Practical Guide to GDPR Compliance

Specific steps for do-it-yourself GDPR compliance.

Website

Start with the website. Your business needs to at least look compliant. Check the following:

  • If your website uses cookies, then it should show a cookie dialog. You know what they are as you have already closed many of those dialogs. Your website platform or partner knows how to enable a simple cookie dialog.
  • Ask PrivacyDocs AI chatbot to generate a standard website privacy policy. It will cover the website, not the rest of your business. You can adopt a well-written policy found on the Web, or just ask PrivacyDocs AI chatbot to generate one given the records that are entered. A compliant policy should fit two pages and talk about two-three processing activities (placing cookies, providing the website, storing access logs, potentially processing feedback forms).

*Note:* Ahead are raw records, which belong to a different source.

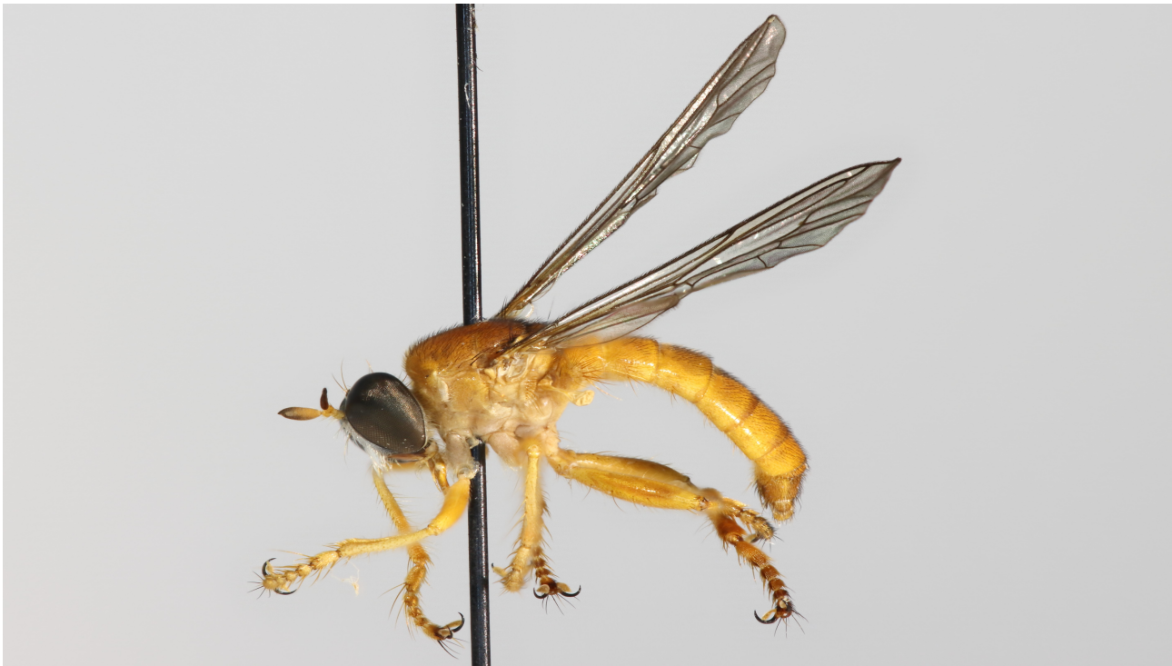
Figure 1 : Smeryngolaphria bromleyi Londt 1989 ♂

Matériel : 1♂, 20-27.X.2019, rec. Y. Braet & A. Gué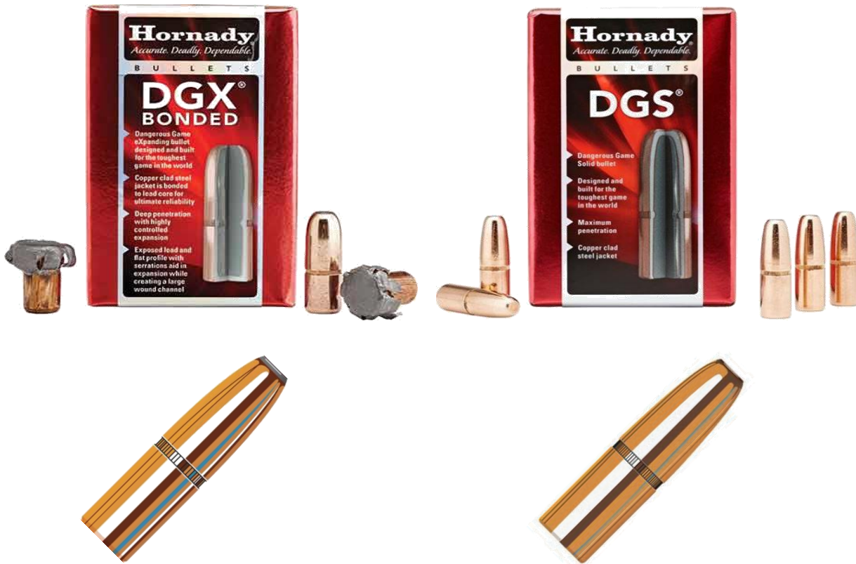
Hornady projektiler til storvildtsjagt

Her har jeg valgt DGS som er en fuldkappet kugle og DGX som er en blødnæset bonded kugle. De har nøjagtig samme vægt og ballistic coefficient, hvilket betyder, at man uden besvær, kan lade dem til samme trefpunkt. De virker særdeles godt til bøffel, elefant og næsehorn. Til andet større vildt er de fuldt anvendelig.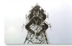
Mobile plant maintenance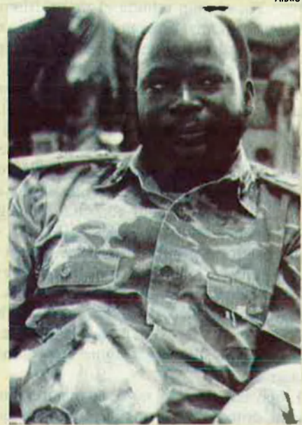
John Garang. Dirigeix els rebels que s'oposen al govern sudanès.

Check your website for third parties, such as Google Analytics, marketing software, embedded video, etc. Many websites use other websites, passing your visitors' data to other companies.

Inventory

Next, you need to build an inventory of processing activities (so-called records of processing activities). GDPR is built around the processing activities, each of which needs to be described.

The website activities are a good start. Take the demo records provided with PrivacyDocs and adapt them to fit your specifics.

Fill in each record in PrivacyDocs. That may include the following:

  • Understanding which systems are involved in conducting a processing.
  • Finding out which companies are providing these systems and are involved, checking the existence of the data processing contracts with these companies.
  • Determining data retention periods.
  • Discovering the data sharing paths.
  • Reviewing the information provided to individuals (texts that appear on the website, website privacy policy, internal privacy policies, contracts with your clients).

Some records would require assessments to be conducted (typically, Legitimate Interest Assessment or a Data Protection Impact Assessment). You can consult the sample assessments provided with PrivacyDocs. You may also reach out to the PrivacyDocs GDPR consultancy service. These assessments are not too numerous (you may expect needing just a few) but they require examining your processes from a special angle. They are often best done by external consultants.

Privacy Policies

Privacy policies are not a place where you give a summary of the GDPR and talk about its principles, but where you clarify specific details about the processing activities that you conduct. The privacy policy should tell your employees how to process personal data, but also inform them about how their data is processed.

Requests

Prepare your company for handling the so-called Data Subject Requests (DSRs): usually, email requests submitted by anyone to your company.

  • Set up an email address as the preferred intake point, mention it in your privacy policies and on the website.
  • This email would usually lead to you or to someone managing legal requests.
  • Ensure that the incoming requests are first assessed from the legal perspective, as most may not be legally grounded.
  • Ensure that any action taken as a result of

Breaches

Explain to everyone in your company what a breach is and set up a mechanism to report them. It is more of a social process. From the technical side, PrivacyDocs supports it with the Breach registry and templates for compulsory breach assessments to be conducted by the company.

Training

You need to train your employees about GDPR. There are many free basic courses available. A half-hour course may be sufficient for most employees, with just a few needing more in-depth knowledge. You can have a privacy Friday evening and watch a course video together, or request a short training from the PrivacyDocs consultancy service.

It is important to register the fact of training in PrivacyDocs to have it as evidence of compliance.

Risks

You would probably not get it all fully done. Some contracts would not be there, some systems or processes would need to be updated, etc. These are all compliance gaps forming risks of non-compliance. Most companies have quite a list of compliance gaps and risks that they bear. You need to register these risks in PrivacyDocs.

The most important thing here is to periodically review these risks and keep working on risk mitigation. Ignoring a risk is not compliant. But registering and assessing a risk, together with managing and performing some risk mitigation measures, may make your company compliant even if the risk is not immediately eliminated.

Reviews

You need to periodically review the processes that are not expected to change, and choosing an annual review is often defensible. Set up a GDPR review for the next year in your agenda. Processes that are due or past due are marked in PrivacyDocs to be visible.